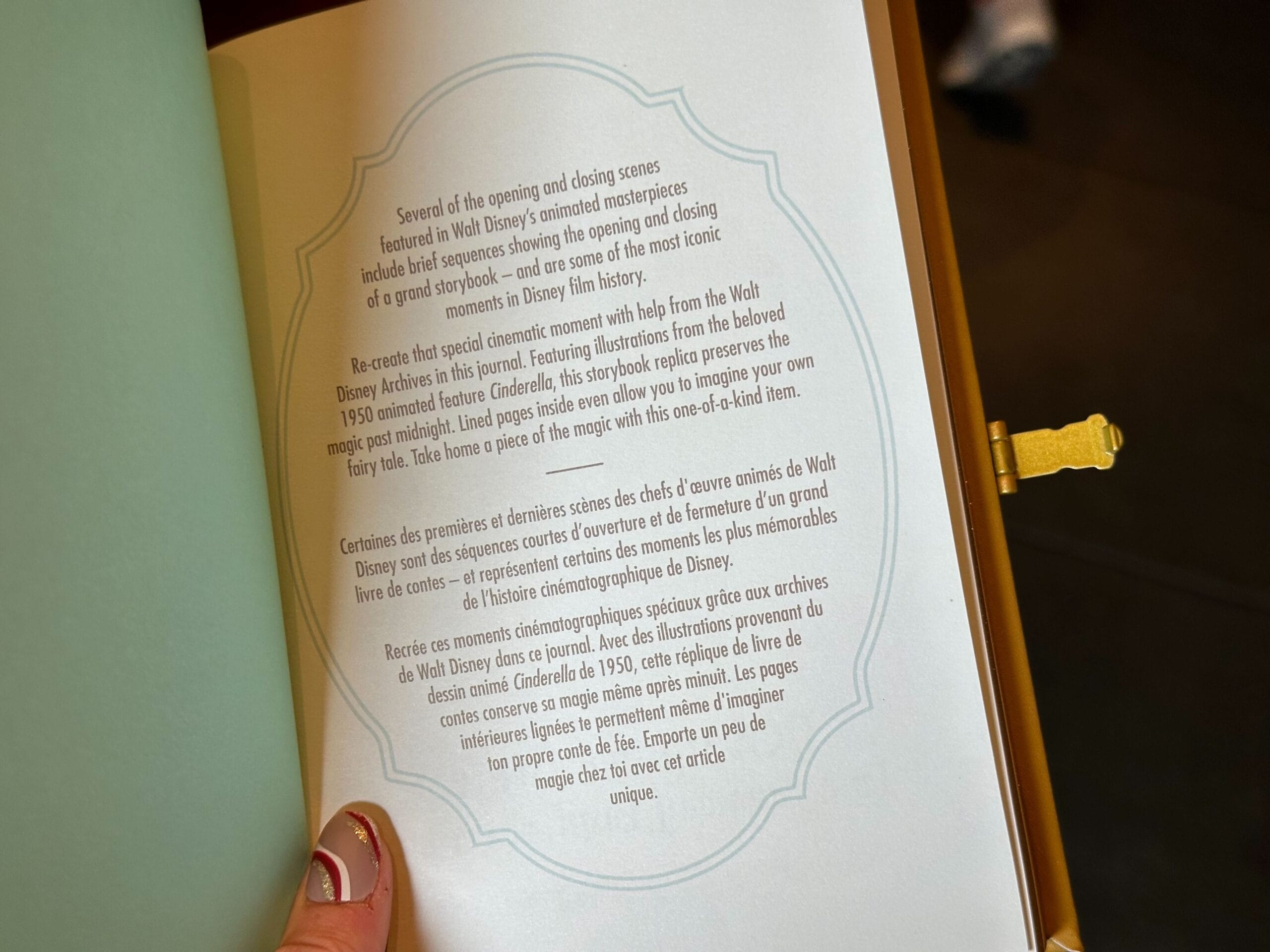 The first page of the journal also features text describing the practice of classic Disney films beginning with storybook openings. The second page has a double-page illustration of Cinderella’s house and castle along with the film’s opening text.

--

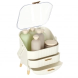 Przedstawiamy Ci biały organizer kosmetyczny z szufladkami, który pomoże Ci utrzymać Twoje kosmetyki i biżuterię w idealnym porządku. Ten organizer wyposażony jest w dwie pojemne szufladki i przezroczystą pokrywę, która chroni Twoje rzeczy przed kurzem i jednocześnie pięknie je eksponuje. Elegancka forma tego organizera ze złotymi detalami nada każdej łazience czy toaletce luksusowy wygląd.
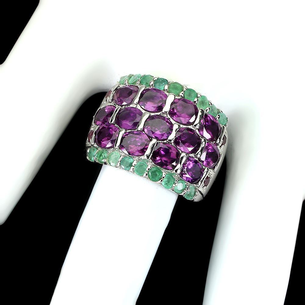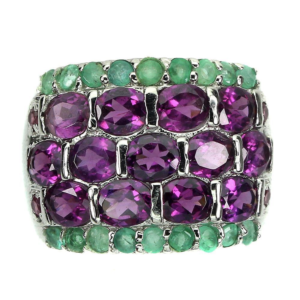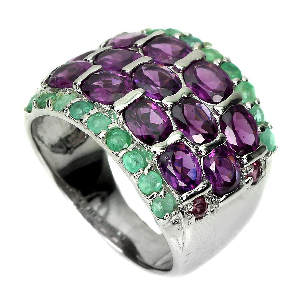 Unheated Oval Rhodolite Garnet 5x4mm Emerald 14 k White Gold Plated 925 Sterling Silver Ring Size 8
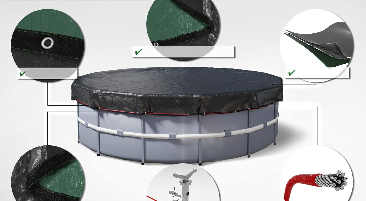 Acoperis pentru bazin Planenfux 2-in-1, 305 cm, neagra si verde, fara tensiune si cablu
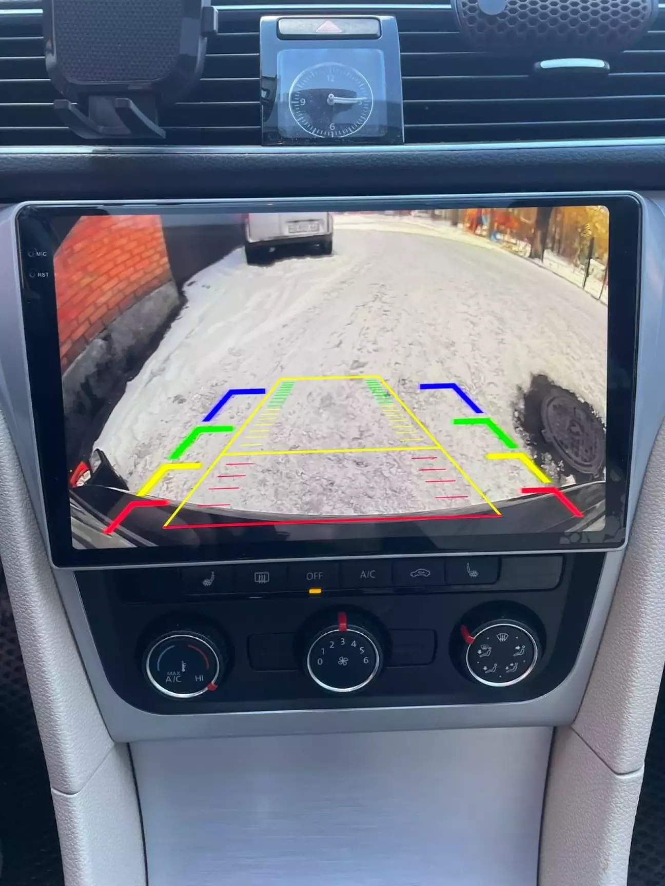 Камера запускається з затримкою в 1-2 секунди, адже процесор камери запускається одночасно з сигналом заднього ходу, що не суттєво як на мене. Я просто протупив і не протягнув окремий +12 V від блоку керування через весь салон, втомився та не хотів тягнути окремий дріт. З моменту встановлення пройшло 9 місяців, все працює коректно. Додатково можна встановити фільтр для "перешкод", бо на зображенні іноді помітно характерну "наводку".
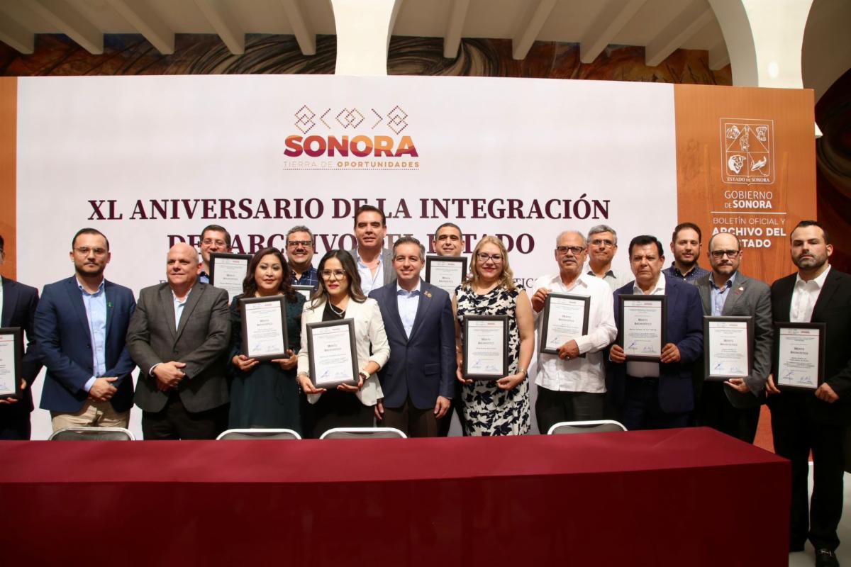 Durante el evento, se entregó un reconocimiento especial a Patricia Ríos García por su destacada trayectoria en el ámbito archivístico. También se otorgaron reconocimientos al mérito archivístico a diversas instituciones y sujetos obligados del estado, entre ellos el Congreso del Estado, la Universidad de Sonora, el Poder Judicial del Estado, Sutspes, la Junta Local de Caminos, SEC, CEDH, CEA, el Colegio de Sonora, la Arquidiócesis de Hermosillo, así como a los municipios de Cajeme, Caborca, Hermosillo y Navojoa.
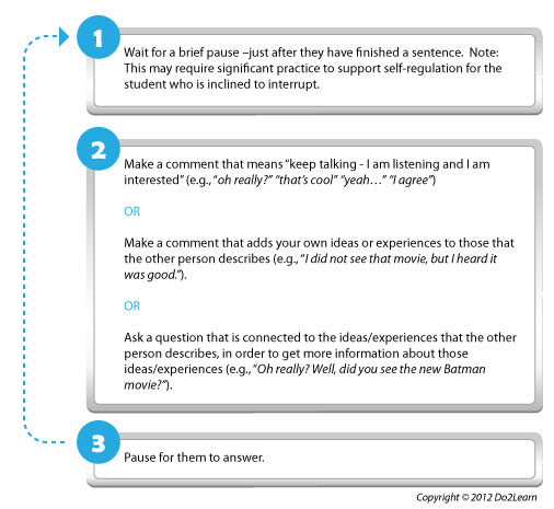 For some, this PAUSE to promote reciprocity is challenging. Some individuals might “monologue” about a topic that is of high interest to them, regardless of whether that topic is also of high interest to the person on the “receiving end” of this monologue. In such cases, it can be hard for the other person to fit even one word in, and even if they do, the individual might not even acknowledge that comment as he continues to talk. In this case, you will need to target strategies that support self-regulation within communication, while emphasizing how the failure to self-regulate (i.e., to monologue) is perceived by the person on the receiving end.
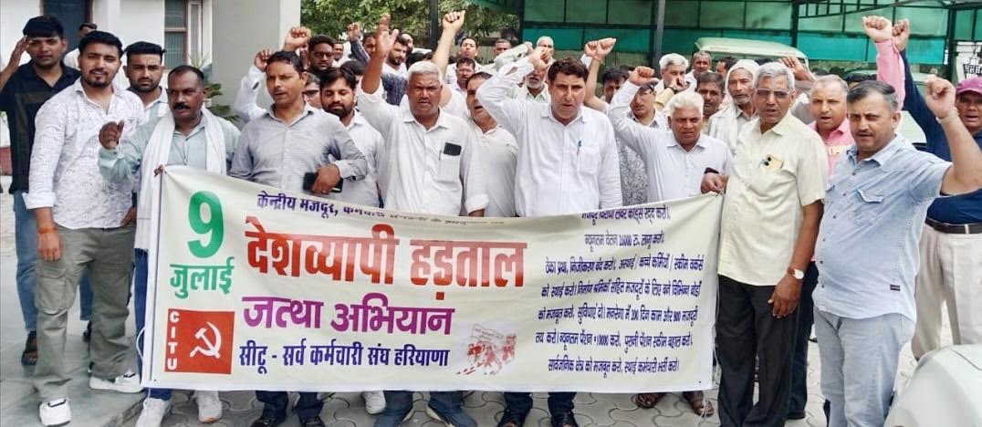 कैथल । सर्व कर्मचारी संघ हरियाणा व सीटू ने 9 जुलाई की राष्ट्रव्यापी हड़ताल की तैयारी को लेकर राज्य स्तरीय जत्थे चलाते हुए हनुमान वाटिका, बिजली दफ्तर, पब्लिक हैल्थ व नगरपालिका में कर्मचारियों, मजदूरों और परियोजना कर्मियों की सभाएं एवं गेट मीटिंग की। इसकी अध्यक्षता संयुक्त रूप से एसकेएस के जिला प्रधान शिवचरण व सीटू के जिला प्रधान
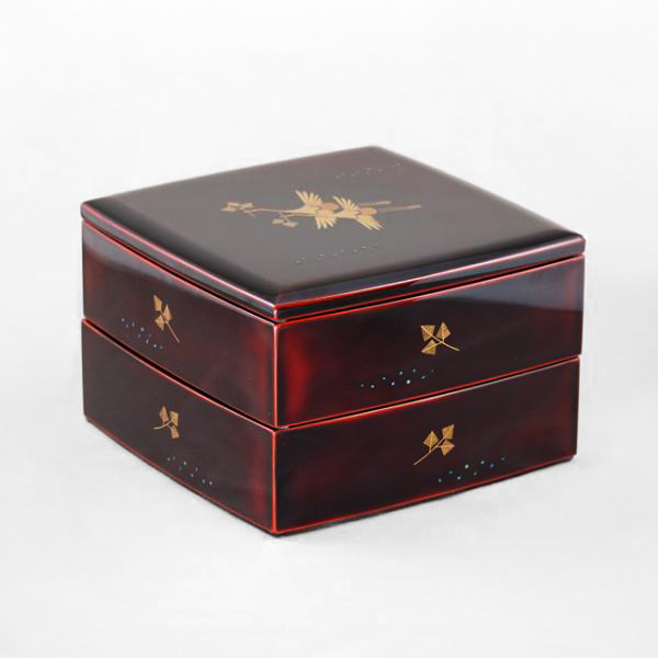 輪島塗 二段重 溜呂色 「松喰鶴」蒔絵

Exercise prompt:
Within the entries above, give again exactly the lines starting at the one that contains "Acoperis pentru bazin" and ending at the one that contains "For some, this", leaving out the pictures.

Solution to the exercise:
 Acoperis pentru bazin Planenfux 2-in-1, 305 cm, neagra si verde, fara tensiune si cablu
 Камера запускається з затримкою в 1-2 секунди, адже процесор камери запускається одночасно з сигналом заднього ходу, що не суттєво як на мене. Я просто протупив і не протягнув окремий +12 V від блоку керування через весь салон, втомився та не хотів тягнути окремий дріт. З моменту встановлення пройшло 9 місяців, все працює коректно. Додатково можна встановити фільтр для "перешкод", бо на зображенні іноді помітно характерну "наводку".
 Durante el evento, se entregó un reconocimiento especial a Patricia Ríos García por su destacada trayectoria en el ámbito archivístico. También se otorgaron reconocimientos al mérito archivístico a diversas instituciones y sujetos obligados del estado, entre ellos el Congreso del Estado, la Universidad de Sonora, el Poder Judicial del Estado, Sutspes, la Junta Local de Caminos, SEC, CEDH, CEA, el Colegio de Sonora, la Arquidiócesis de Hermosillo, así como a los municipios de Cajeme, Caborca, Hermosillo y Navojoa.
 For some, this PAUSE to promote reciprocity is challenging. Some individuals might “monologue” about a topic that is of high interest to them, regardless of whether that topic is also of high interest to the person on the “receiving end” of this monologue. In such cases, it can be hard for the other person to fit even one word in, and even if they do, the individual might not even acknowledge that comment as he continues to talk. In this case, you will need to target strategies that support self-regulation within communication, while emphasizing how the failure to self-regulate (i.e., to monologue) is perceived by the person on the receiving end.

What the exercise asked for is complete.